Start of Data for the task

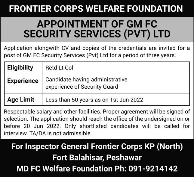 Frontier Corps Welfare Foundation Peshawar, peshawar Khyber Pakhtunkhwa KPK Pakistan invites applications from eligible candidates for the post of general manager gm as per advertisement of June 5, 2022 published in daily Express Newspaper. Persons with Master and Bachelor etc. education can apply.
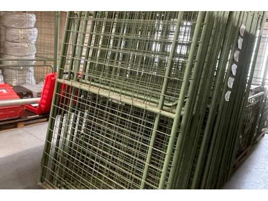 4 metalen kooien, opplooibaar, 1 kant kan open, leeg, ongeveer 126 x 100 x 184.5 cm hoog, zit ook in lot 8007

End of Data for the task
Start of Data for the task

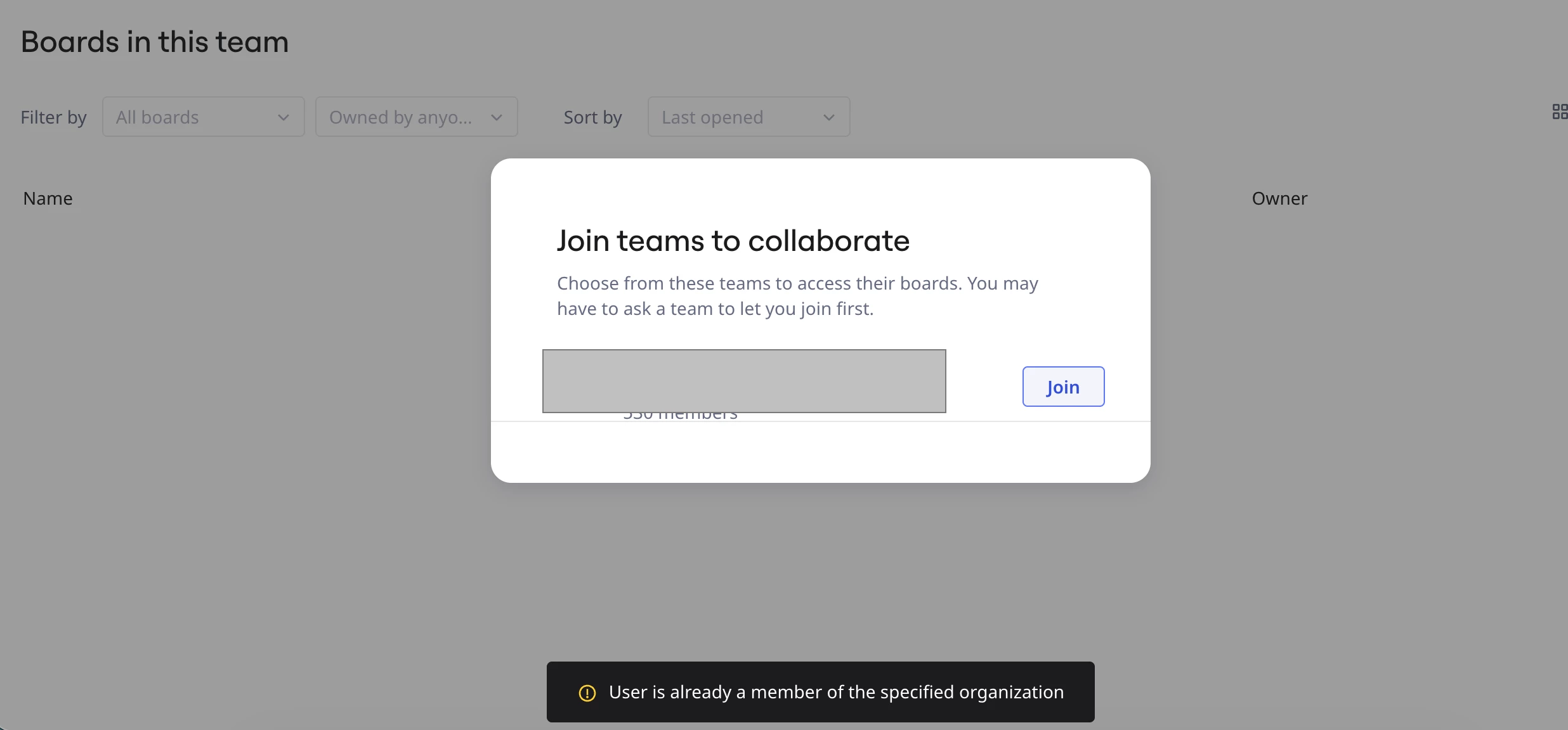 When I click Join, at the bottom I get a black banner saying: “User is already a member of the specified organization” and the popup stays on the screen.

End of Data for the task
Start of Data for the task

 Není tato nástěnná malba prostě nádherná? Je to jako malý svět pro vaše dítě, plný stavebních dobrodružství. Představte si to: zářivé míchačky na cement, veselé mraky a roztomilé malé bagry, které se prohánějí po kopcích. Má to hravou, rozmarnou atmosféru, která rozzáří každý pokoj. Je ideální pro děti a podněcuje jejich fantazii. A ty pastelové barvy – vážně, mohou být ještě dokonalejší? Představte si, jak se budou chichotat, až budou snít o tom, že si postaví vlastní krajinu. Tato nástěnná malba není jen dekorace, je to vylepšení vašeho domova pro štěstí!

End of Data for the task

Exercise aim:
Exact copy, no pictures. Write out the lines in the entries above, starting with the line with "Frontier Corps Welfare" and going on through the line with "4 metalen kooien, opplooibaar, 1", keeping both.

Result of this exercise:
 Frontier Corps Welfare Foundation Peshawar, peshawar Khyber Pakhtunkhwa KPK Pakistan invites applications from eligible candidates for the post of general manager gm as per advertisement of June 5, 2022 published in daily Express Newspaper. Persons with Master and Bachelor etc. education can apply.
 4 metalen kooien, opplooibaar, 1 kant kan open, leeg, ongeveer 126 x 100 x 184.5 cm hoog, zit ook in lot 8007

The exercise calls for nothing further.